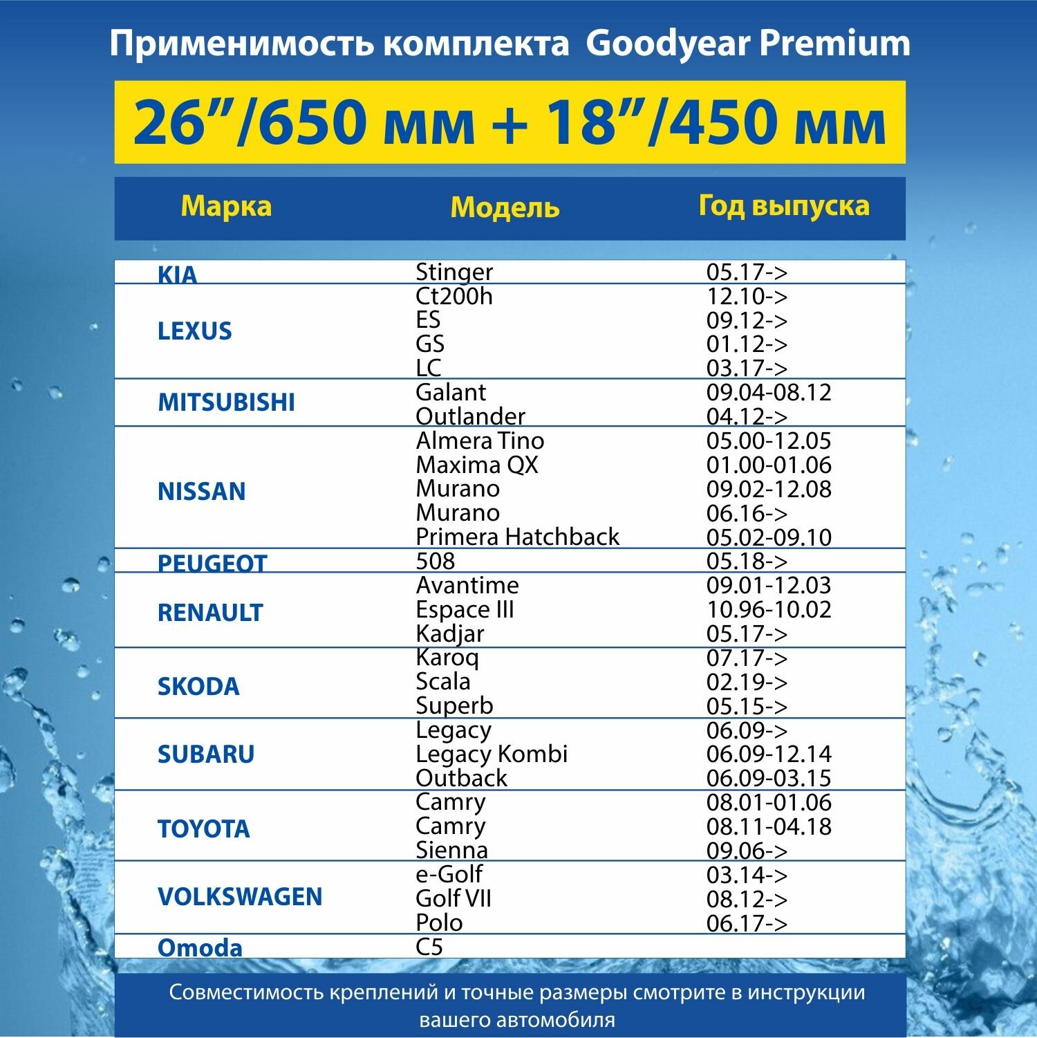 2 Щетки стеклоочистителя в комплекте (65+45 см), Дворники для автомобиля GOODYEAR для SKODA Karoq(17-нв)/Superb(15-нв), NISSAN Murano(16-нв) информация:
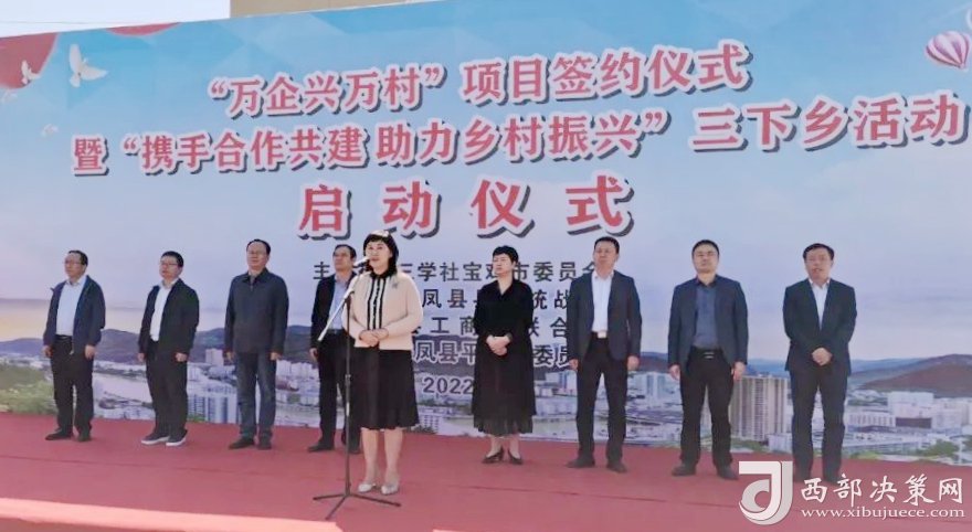 西部決策網(wǎng)訊 9月28日,為進(jìn)一步落實(shí)全市黨派工作協(xié)同協(xié)商會(huì)議精神,九三學(xué)社寶雞市委、鳳縣工商聯(lián)“萬(wàn)企興萬(wàn)村”項(xiàng)目簽約儀式暨“攜手合作共建 助力鄉(xiāng)村振興”三下鄉(xiāng)活動(dòng)啟動(dòng)儀式在鳳縣平木鎮(zhèn)隆重舉辦。 寶雞市人大常委會(huì)副主任、九三學(xué)社寶雞市委主委車爽,鳳縣人大常委會(huì)主任劉淳,中共寶雞市委統(tǒng)戰(zhàn)部班子成員、二級(jí)調(diào)研員毛建錄,中共鳳縣縣委常委、統(tǒng)戰(zhàn)部部長(zhǎng)吳海濤,九三學(xué)社寶雞市委副主委兼秘書長(zhǎng)郭紅全、副主委李獻(xiàn)軍,中共寶雞市委統(tǒng)戰(zhàn)部黨派科科長(zhǎng)湛玉忠,鳳縣平木鎮(zhèn)黨委書記張紅利、鎮(zhèn)長(zhǎng)鄧振宇,鳳縣工商聯(lián)主席陳強(qiáng)參加簽約儀式和三下鄉(xiāng)啟動(dòng)儀式?;顒?dòng)儀式由郭紅全副主委主持。
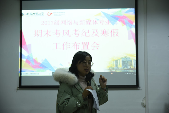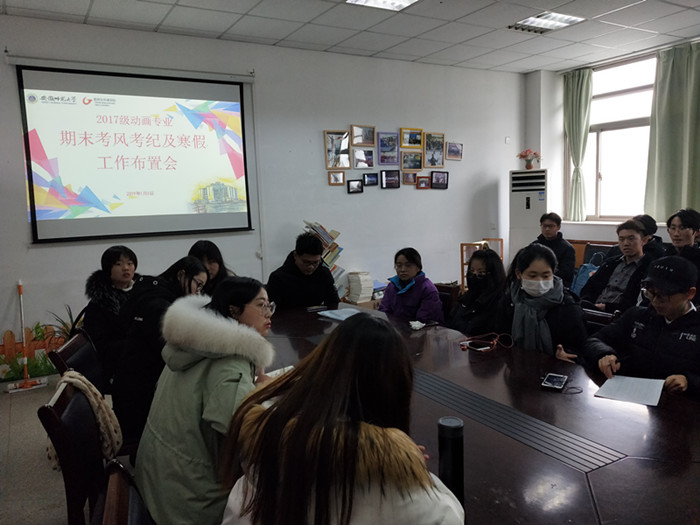 1月3日,2017级网络与新媒体、动画专业相继召开了期末考风考纪及寒假工作布置会。班会由辅导员张雁主持,全体学生参加。
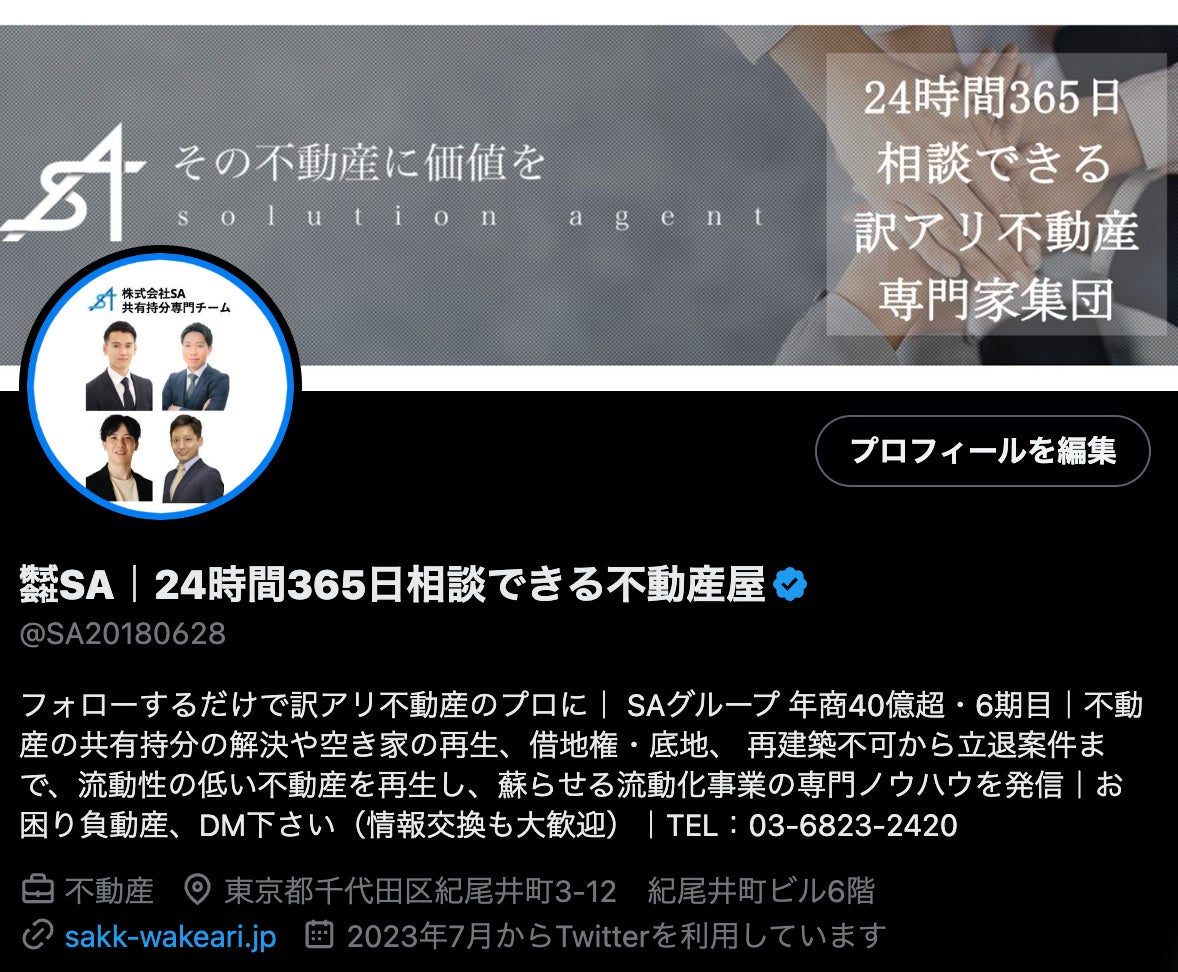 【訳アリ不動産の専門家】株式会社SAの公式X(旧 Twitter)は、X Blue(旧 Twitter Blue)を取得しました
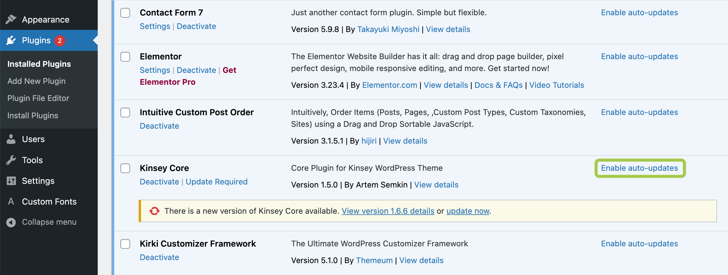 To ensure compatibility with the latest WordPress and the theme, it's recommended to turn on automatic updates for the core plugin:
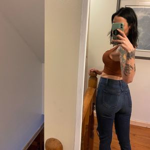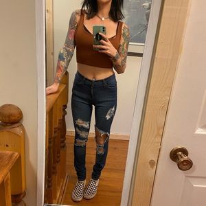 I love these jeans, I just don’t reach for them enough. They hug all the right curves and have some stretch. They are very destroyed. For reference I’m a 27” waist and 5”6. Thanks for looking 🌸
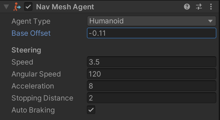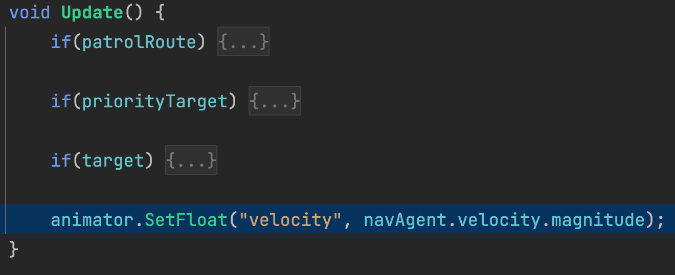 Finally, we enhance our enemy behavior to share the velocity measurement from NavMeshAgent with the Animator through the velocity parameter.
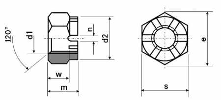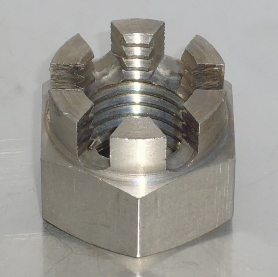 | 特長 | キャッスルナットやキャッスルナット2種高形など外観をヨーロッパの古城に見立てて呼ばれる溝付き六角ナットは、割ピンなどと併用して効果を発揮する緩み止めナットとして用いられています。 2種高形は六角ナットの片側を円筒状に延長し、放射状の溝が刻まれています。割ピンを広げた際に円筒部に巻き付けることでピン足が六角形の外側に露出せず安全な為、溝付きナットでは最も流通している形です。1種は六角ナットの片面へ直接溝が刻まれた姿をしています。1種2種共に厚みのある高形と薄い低形があります。 締結した後、ボルトに開けた貫通穴(ピン穴)とナットの溝へ割りピン等を通してボルト・ナットが互いに対して回転出来なくすることで緩みを防ぎ、また万一緩んでもボルト・ナットは分離せず脱落を防止します。施工やメンテナンスに手間が掛り習熟も必要でコストがかかる為、用途によっては施工の簡単な緩み止め製品へ置き換えがなされています。 ※本商品のみでは緩み止めとして機能しません。 |

- **Your task**
Apart from the images, every line above is to be given again exactly.

- **Solved exercise**
 2 Щетки стеклоочистителя в комплекте (65+45 см), Дворники для автомобиля GOODYEAR для SKODA Karoq(17-нв)/Superb(15-нв), NISSAN Murano(16-нв) информация:
 西部決策網(wǎng)訊 9月28日,為進(jìn)一步落實(shí)全市黨派工作協(xié)同協(xié)商會(huì)議精神,九三學(xué)社寶雞市委、鳳縣工商聯(lián)“萬(wàn)企興萬(wàn)村”項(xiàng)目簽約儀式暨“攜手合作共建 助力鄉(xiāng)村振興”三下鄉(xiāng)活動(dòng)啟動(dòng)儀式在鳳縣平木鎮(zhèn)隆重舉辦。 寶雞市人大常委會(huì)副主任、九三學(xué)社寶雞市委主委車爽,鳳縣人大常委會(huì)主任劉淳,中共寶雞市委統(tǒng)戰(zhàn)部班子成員、二級(jí)調(diào)研員毛建錄,中共鳳縣縣委常委、統(tǒng)戰(zhàn)部部長(zhǎng)吳海濤,九三學(xué)社寶雞市委副主委兼秘書長(zhǎng)郭紅全、副主委李獻(xiàn)軍,中共寶雞市委統(tǒng)戰(zhàn)部黨派科科長(zhǎng)湛玉忠,鳳縣平木鎮(zhèn)黨委書記張紅利、鎮(zhèn)長(zhǎng)鄧振宇,鳳縣工商聯(lián)主席陳強(qiáng)參加簽約儀式和三下鄉(xiāng)啟動(dòng)儀式?;顒?dòng)儀式由郭紅全副主委主持。
 1月3日,2017级网络与新媒体、动画专业相继召开了期末考风考纪及寒假工作布置会。班会由辅导员张雁主持,全体学生参加。
 【訳アリ不動産の専門家】株式会社SAの公式X(旧 Twitter)は、X Blue(旧 Twitter Blue)を取得しました
 To ensure compatibility with the latest WordPress and the theme, it's recommended to turn on automatic updates for the core plugin:
 I love these jeans, I just don’t reach for them enough. They hug all the right curves and have some stretch. They are very destroyed. For reference I’m a 27” waist and 5”6. Thanks for looking 🌸
 Finally, we enhance our enemy behavior to share the velocity measurement from NavMeshAgent with the Animator through the velocity parameter.
 | 特長 | キャッスルナットやキャッスルナット2種高形など外観をヨーロッパの古城に見立てて呼ばれる溝付き六角ナットは、割ピンなどと併用して効果を発揮する緩み止めナットとして用いられています。 2種高形は六角ナットの片側を円筒状に延長し、放射状の溝が刻まれています。割ピンを広げた際に円筒部に巻き付けることでピン足が六角形の外側に露出せず安全な為、溝付きナットでは最も流通している形です。1種は六角ナットの片面へ直接溝が刻まれた姿をしています。1種2種共に厚みのある高形と薄い低形があります。 締結した後、ボルトに開けた貫通穴(ピン穴)とナットの溝へ割りピン等を通してボルト・ナットが互いに対して回転出来なくすることで緩みを防ぎ、また万一緩んでもボルト・ナットは分離せず脱落を防止します。施工やメンテナンスに手間が掛り習熟も必要でコストがかかる為、用途によっては施工の簡単な緩み止め製品へ置き換えがなされています。 ※本商品のみでは緩み止めとして機能しません。 |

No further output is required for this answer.